Not least because it undermines respect for Law itself. A few laws based on commonly-accepted moral principles and rigorously and reliably enforced are the way to build respect for Law. The alternative makes lawyers rich but I can see no other benefit.

That said, I note the current British election campaign turns once again on the stupidest question of all — "what can government do for me?" The answer, if you’re not an apparatchik or on benefits, is “***k you and take most of your earnings.” That, however, is a lesson not yet learned.

Keir Starmer is keen to add 1.5 million new voters aged 16 and 17 to the electorate, precisely because they'll have learned no economic lessons at all. One wonders why anyone ever thought it a good idea to put our children's education in the hands of parasites who profit from voter ignorance. It would certainly account for why Starmer is also keen to drive more future voters into state education.

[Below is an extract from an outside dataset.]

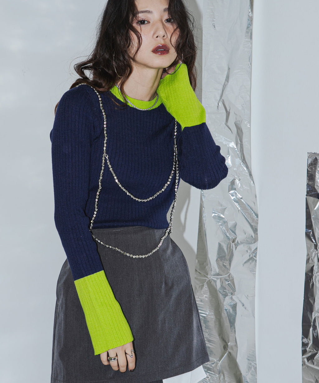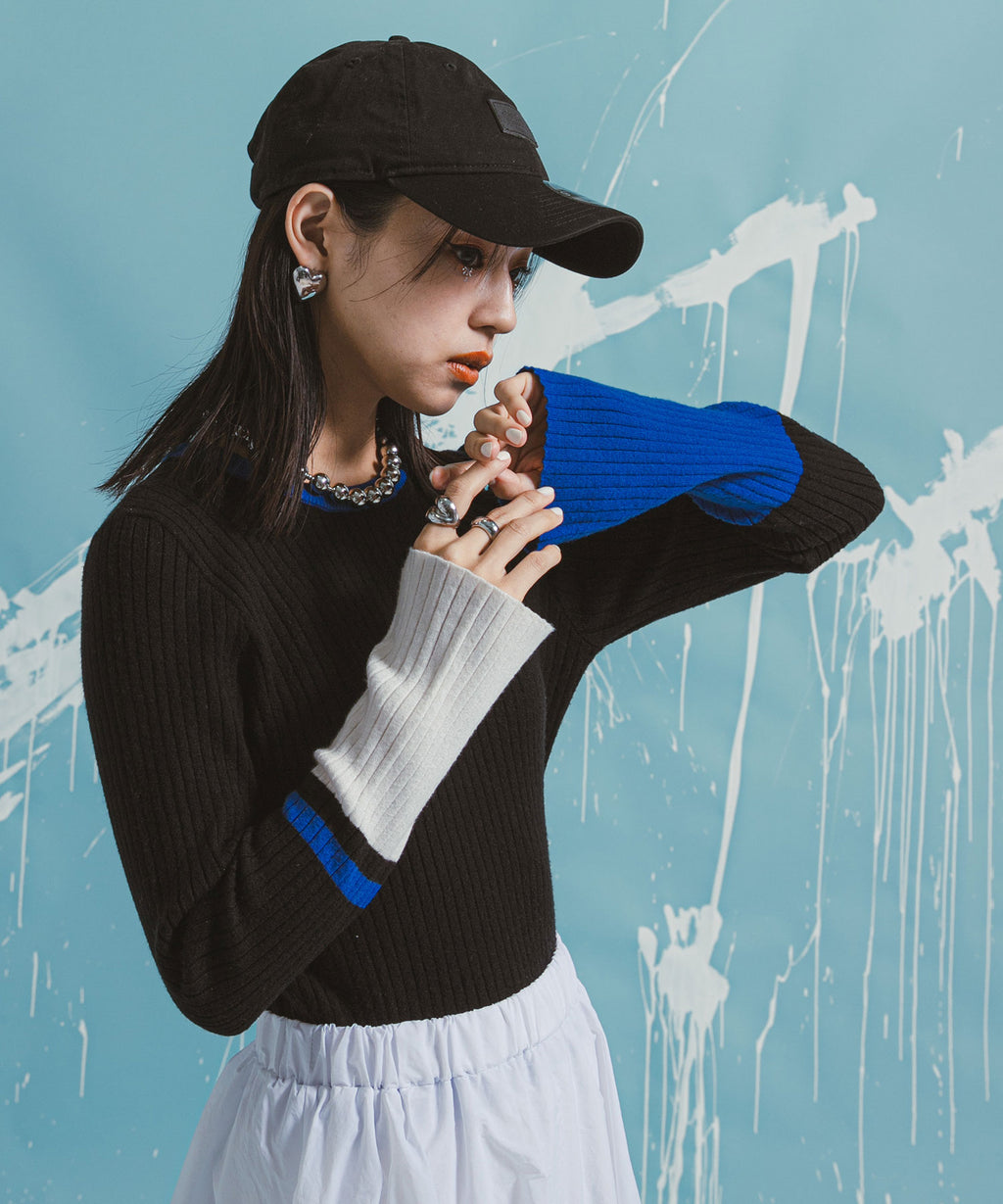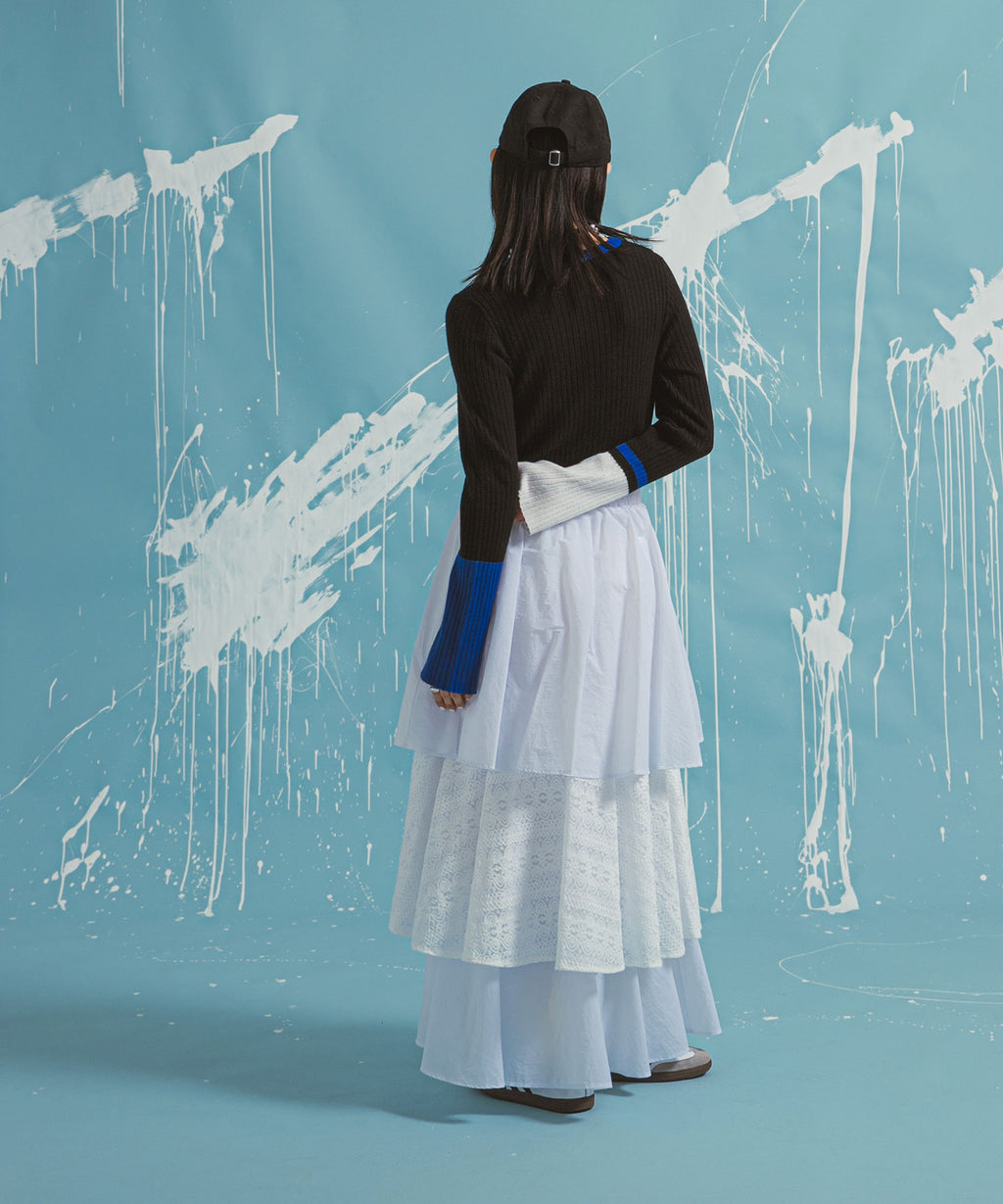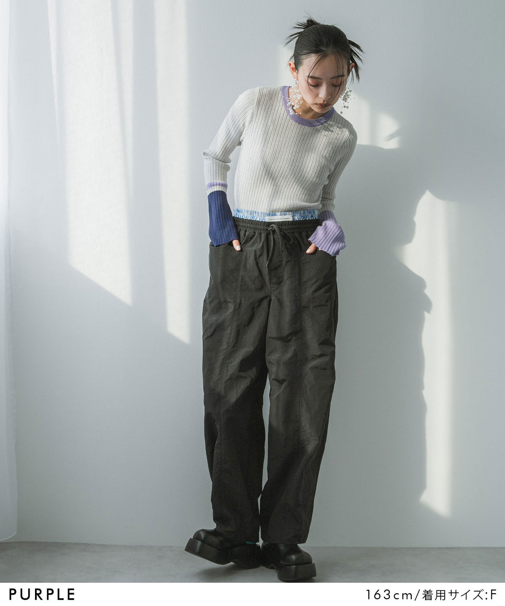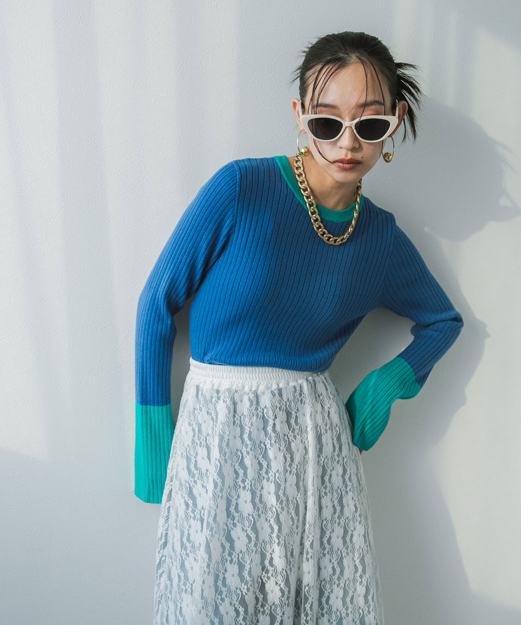首元、袖の配色を見せてレイヤリングを楽しむのも◎

Not one party in this election proposes less government and fewer laws. Not one. Unless something changes (I hope it does because both my grandads volunteered to defend my right to do so) I shall for the first time in my life not vote. Even when I lived abroad I voted every time by proxy until I lost the right to do so. The Conservatives are authoritarian statist socialists with no respect for individual freedom. So of course are Labour, but at least they're honest about it. Given a choice between thieves and lying thieves, I'm not inclined to express an opinion.

After being brought down by such political reflections while reading my newspaper and blogs, I set off again in holiday mood to take photographs. I headed to the plan d'eau de Metz, a kind of leisure-boating marina. I'd forgotten about my intermittent fasting regime and found myself not having lunched with minutes to go. The few restaurants that were open on a Sunday had closed by 2.30pm, so I grabbed a beer and an ice-cream at a place which – it transpired – sadly lacked a loo. Like many gents of my age, this is now a matter of more concern than it used to be. I swiftly followed the directions given by the ice-cream vendeuse and found myself in a queue. A clever automated public WC performed an impressive cleansing so thorough each time that it took longer than the typical visitor! Fortunately, I was spared embarrassment and continued my waterside walk in happier mood.

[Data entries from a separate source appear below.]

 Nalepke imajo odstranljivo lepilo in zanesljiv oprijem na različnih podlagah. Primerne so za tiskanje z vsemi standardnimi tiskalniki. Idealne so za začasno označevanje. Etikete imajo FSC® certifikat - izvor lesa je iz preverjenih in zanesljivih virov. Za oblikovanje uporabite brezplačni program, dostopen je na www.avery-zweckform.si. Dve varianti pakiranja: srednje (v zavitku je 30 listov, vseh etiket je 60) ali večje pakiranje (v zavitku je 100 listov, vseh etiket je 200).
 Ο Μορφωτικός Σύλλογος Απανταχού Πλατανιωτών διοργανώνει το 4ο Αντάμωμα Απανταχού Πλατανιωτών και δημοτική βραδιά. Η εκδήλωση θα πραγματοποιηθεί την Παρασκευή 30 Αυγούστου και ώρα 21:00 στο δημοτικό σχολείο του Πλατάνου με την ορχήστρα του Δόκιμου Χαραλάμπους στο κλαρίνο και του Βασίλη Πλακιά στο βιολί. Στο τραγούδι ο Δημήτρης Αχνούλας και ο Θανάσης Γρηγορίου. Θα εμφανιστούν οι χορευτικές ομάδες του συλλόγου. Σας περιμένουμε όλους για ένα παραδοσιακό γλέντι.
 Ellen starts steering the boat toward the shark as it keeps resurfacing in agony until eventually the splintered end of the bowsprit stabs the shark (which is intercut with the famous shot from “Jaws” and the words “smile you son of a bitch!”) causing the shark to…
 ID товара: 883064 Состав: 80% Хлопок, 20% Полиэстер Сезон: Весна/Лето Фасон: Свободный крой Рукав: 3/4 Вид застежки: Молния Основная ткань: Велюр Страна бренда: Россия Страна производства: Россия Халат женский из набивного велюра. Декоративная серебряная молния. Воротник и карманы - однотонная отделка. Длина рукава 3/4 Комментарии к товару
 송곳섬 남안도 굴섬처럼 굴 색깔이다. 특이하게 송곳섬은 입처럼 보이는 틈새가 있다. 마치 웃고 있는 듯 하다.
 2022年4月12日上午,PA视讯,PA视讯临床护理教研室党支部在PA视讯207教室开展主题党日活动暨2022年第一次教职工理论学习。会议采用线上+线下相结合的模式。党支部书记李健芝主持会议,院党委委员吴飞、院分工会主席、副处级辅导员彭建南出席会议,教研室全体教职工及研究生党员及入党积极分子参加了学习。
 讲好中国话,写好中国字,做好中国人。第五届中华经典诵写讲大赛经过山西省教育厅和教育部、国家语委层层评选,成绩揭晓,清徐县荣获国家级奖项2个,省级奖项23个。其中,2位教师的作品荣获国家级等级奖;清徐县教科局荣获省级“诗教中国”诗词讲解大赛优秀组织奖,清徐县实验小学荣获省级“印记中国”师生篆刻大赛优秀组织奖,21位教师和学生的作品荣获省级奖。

I'd planned to call an Uber to return as I did yesterday. When I checked the distance however, I realised I'd walked in something of a circle and was less than half a mile from my hotel. In consequence, though I'd planned to walk a little less than yesterday, I ended up covering the same modest distance. I enjoyed the walk more today. Partly because I'd left my tripod and lighting gear in the hotel to lighten my load. Mainly because I was more confident I could handle it. 

My album of photos has been updated if you’re interested.